However, Grady argues that the book pales in comparison to its predecessor. She states that "Wayward Son was bound to be a slighter book than Carry On is. It can't pull off the same trick that Carry On did because that trick only works once. It can't turn fanon into canon for the first time all over again." Additionally, Paxson further brings up the question of colonizer magic versus indigenous magic and how Rowell barely touches on the idea. She notes, "A sprawling road trip book about the nature of magic in America runs inherently up against a dilemma: Is it responsible to create a vision of American magic that only represents its colonizers and immigrants?" Paxson expresses her desire that there was some sort of deeper type of understanding of and information about indigenous magic to reinforce that indigenous cultures are alive, but notes that Rowell's avoidance of the topic may also be a safe way to avoid possible cultural appropriation.
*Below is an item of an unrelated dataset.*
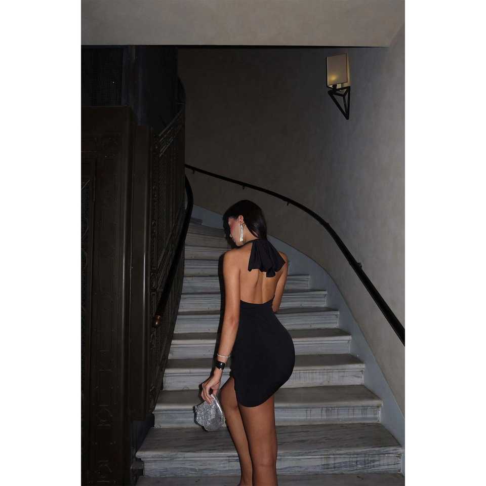 มินิเดรสสีดำสำหรับงานกลางคืนพร้อมดีเทลเข็มขัด
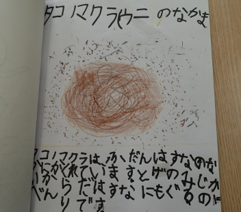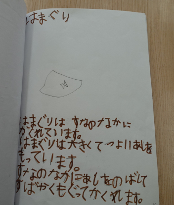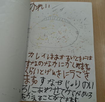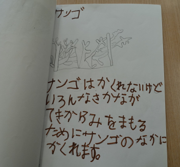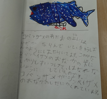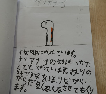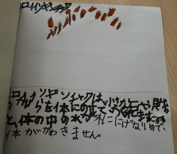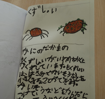 ついこの間、平仮名と片仮名を学習したばかりなのに、どの子もしっかりと書けていて驚きました。内容もとても興味深く読めました。絵も素敵です。みんな頑張りました。図書室の先生も「すごくいい図鑑ですよ。みんなに宣伝しますね。」とはりきっていらっしゃいました。

The general public's reception of Wayward Son did not match its predecessor, but Grady describes the readers' relationship with the series as a "drive from its characters and from the reader's desire to spend time with those characters."

Wayward Son won the 2019 Barnes & Noble Booksellers' Favorites in Young Adult Books. It was also nominated for the Goodreads Choice Award Nominee for Young Adult Fantasy & Science Fiction (2019) and was included on the American Library Association's "2020 YALSA Teens' Top Ten Titles".
The audiobook, narrated by Euan Morton, received an AudioFile Earphones Award in 2019.